« L’expérience tunisienne est en train de suivre son petit bonhomme de chemin vers la démocratie à pas sûrs ». C’est en tout cas ce qu’a constaté le mouvement Ennahdha, dans un point de presse tenu, ce jeudi 19 juin, au siège du parti islamiste à Montplaisir. C’est dans ce contexte que s’inscrit le pluralisme des élections législatives dont les vainqueurs seront ceux-là mêmes qui sortiront des urnes, a dit Ali Laareydh, membre du bureau exécutif d’Ennadha.
Devant un parterre des journalistes, il a fait remarquer que la Tunisie a aujourd’hui besoin d’un président qui soit indépendant ou issu d’un consensus pour qu’il puisse diriger le pays en toute sécurité et relever les défis auxquels fait face la Tunisie et qui sont également liés à la sécurité et la relance de l’économie. « Aujourd’hui, il y a un besoin national réel pour que les Tunisiens soient unis à travers un président bien soutenu par toutes les composantes de la société civile », a-t-il dit.
Un futur président issu d’un consensus, pourquoi pas ?
Partant de cette idée et suite à une réunion du conseil de Choura, le week-end dernier, le mouvement Ennahdha a remis en selle sa proposition de choisir un candidat consensuel pour les présidentielles, a assuré, de son côté, le vice-président et le coordinateur du mouvement, Abdelhamid Jlassi avant de noter que « cette nouvelle proposition ne vise nullement la modification des règles démocratiques, ni l’annulation des élections, mais plutôt le renforcement du consensus, loin des calculs politiques, et ce, dans le but de consolider la démocratie en Tunisie, qui est en train de s’instaurer».
En effet, le parti islamiste estime que les échéances présidentielles nécessitent l’ouverture d’un large dialogue entre tous les protagonistes afin de trouver un consensus autour d’une personnalité nationale.
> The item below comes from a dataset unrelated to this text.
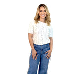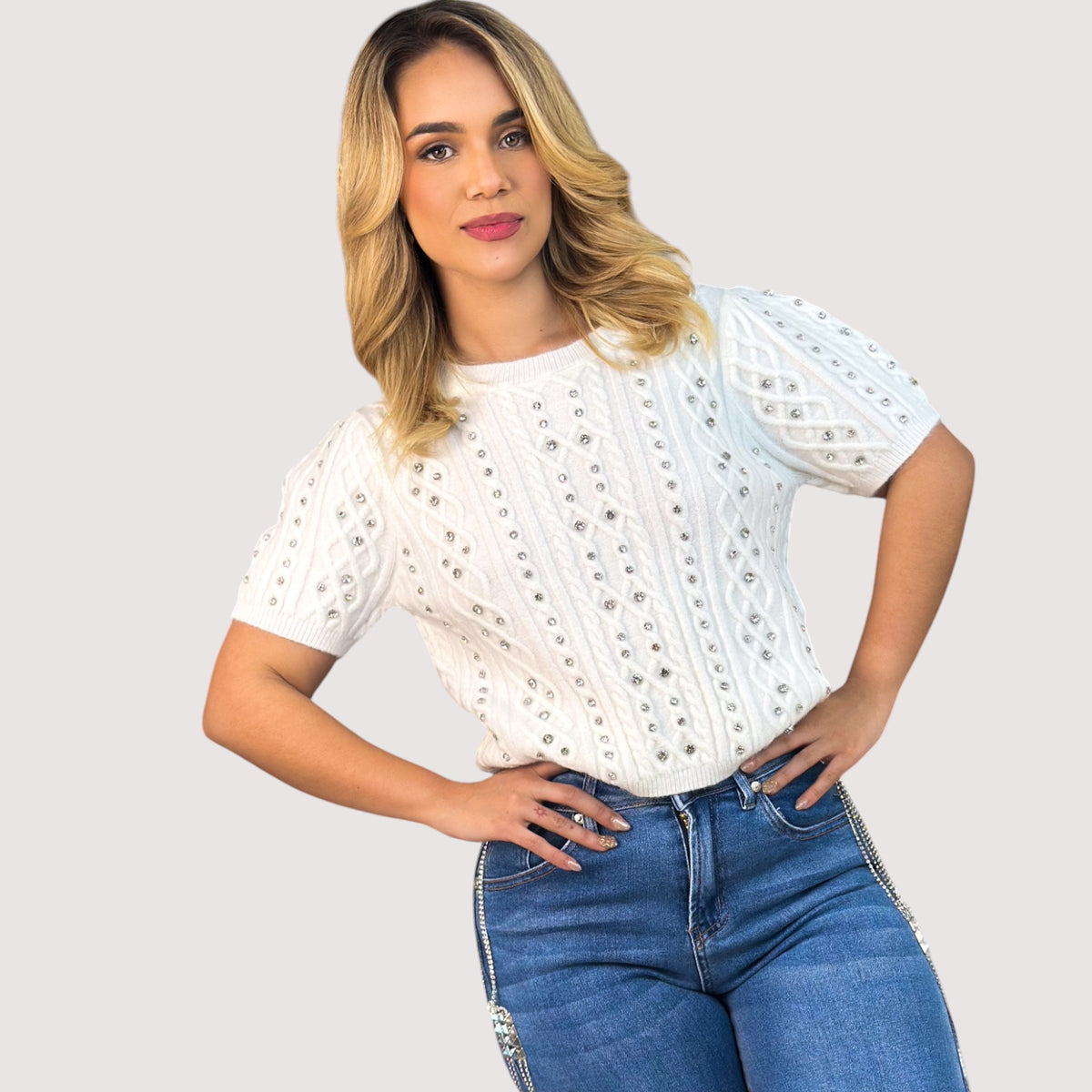 Super lindo y suave suéter de manga corta con aplicaciones de cristal plateado !

Pour Ennahdha, cette personnalité devra être capable de réaliser les objectifs de la Révolution.
Jlassi a, par ailleurs, soutenu qu’Ennahdha, en faisant cette proposition, n’a pas encore de candidat aux présidentielles, et n’annoncera son choix qu’à la lumière des consultations qui devraient avoir lieu entre partis et société civile. Car, « cette démarche nous ferait gagner beaucoup de temps et d’efforts, et surtout, rassurera les Tunisiens durant la période à venir», selon ses dires.
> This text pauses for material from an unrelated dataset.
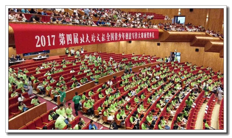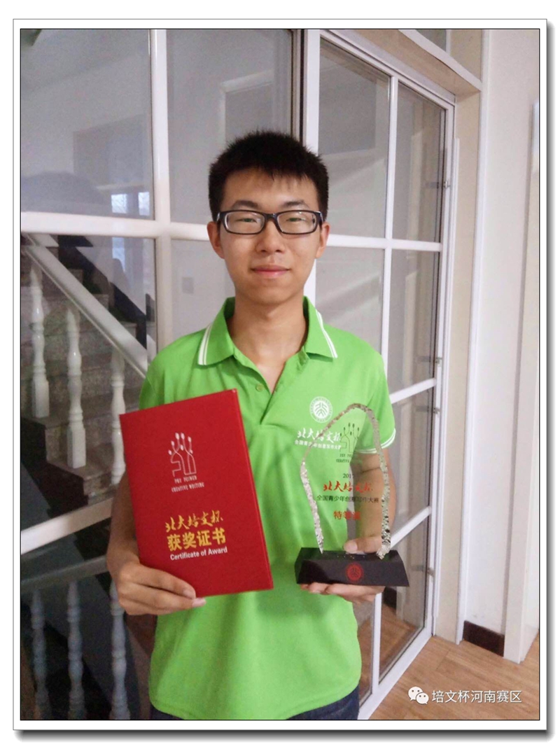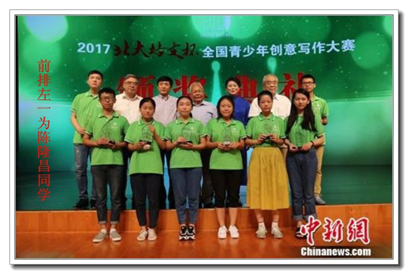 2017年8月2日,第四届“北大培文杯”全国青少年创意写作大赛颁奖典礼在北京大学百周年纪念讲堂隆重举行。我校高三9班陈隆昌同学荣获国家级特等奖!河南赛区唯有陈隆昌同学获此殊荣!本次竞赛共评出高中组特等奖10人,一等奖50人,二等奖218人,三等奖218人。

Une période qui serait certainement difficile notamment avec les mutations profondes que connaît le pays, mais aussi les autres pays voisins à l’instar de la Libye et de l’Egypte. « Dans cette conjoncture nationale et régionale tendue, la concertation autour du futur président semble nécessaire pour trouver les mécanismes et les moyens requis pour concilier entre le consensus et la participation au pouvoir », a-t-il ajouté.
Abdelhamid Jlassi a, en outre, relevé qu’Ennahdha se lancera dans les législatives comme tout autre parti et négociera des alliances électorales avec les autres partis, notant que sa formation politique ne croit pas au lien « mécanique » entre les législatives et les présidentielles.
Ennahdha engagé à respecter les modalités du processus
Pour sa part, Ajmi Lourimi a affirmé que cette proposition est ouverte à tous les partis politiques. Dans ce contexte, il a déclaré que son mouvement s’est engagé à respecter les modalités de ce processus. « On veut que le futur président de la Tunisie soit un sujet du dialogue national et notre parti s’est engagé à respecter les modalités de ce processus pour préserver l’intérêt du pays », a-t-il expliqué.
Pour Lourimi, la réussite de cette phase consensuelle va certainement rejaillir sur l’avenir de tous les Tunisiens.